**REQUIRED WORK**
Print exactly the lines that run from the opening line of the material through the line with "Модные детские зимние", and nothing else, leaving out pictures.

**INPUT DATA**
#####

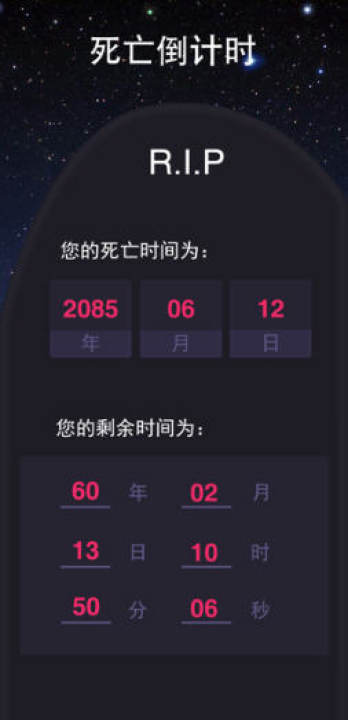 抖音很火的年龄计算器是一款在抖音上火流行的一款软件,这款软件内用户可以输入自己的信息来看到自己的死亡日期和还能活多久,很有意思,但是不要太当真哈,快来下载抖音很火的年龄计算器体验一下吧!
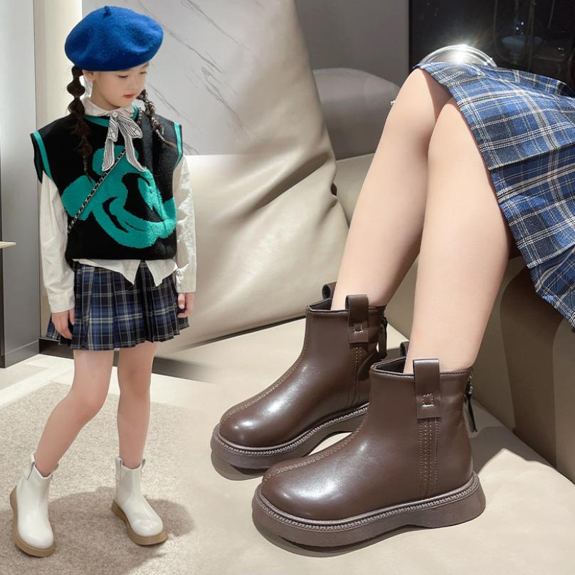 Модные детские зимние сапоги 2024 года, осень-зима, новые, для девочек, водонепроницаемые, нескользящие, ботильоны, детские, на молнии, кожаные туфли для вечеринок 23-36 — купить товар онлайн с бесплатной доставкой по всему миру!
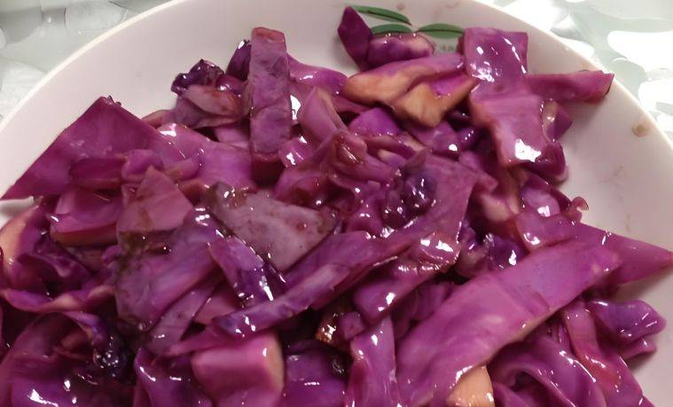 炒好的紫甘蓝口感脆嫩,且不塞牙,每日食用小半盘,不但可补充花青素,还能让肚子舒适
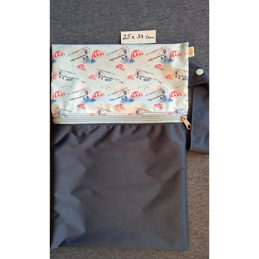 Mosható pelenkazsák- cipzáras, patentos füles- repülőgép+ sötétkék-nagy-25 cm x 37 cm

#####

**RESPONSE**
 抖音很火的年龄计算器是一款在抖音上火流行的一款软件,这款软件内用户可以输入自己的信息来看到自己的死亡日期和还能活多久,很有意思,但是不要太当真哈,快来下载抖音很火的年龄计算器体验一下吧!
 Модные детские зимние сапоги 2024 года, осень-зима, новые, для девочек, водонепроницаемые, нескользящие, ботильоны, детские, на молнии, кожаные туфли для вечеринок 23-36 — купить товар онлайн с бесплатной доставкой по всему миру!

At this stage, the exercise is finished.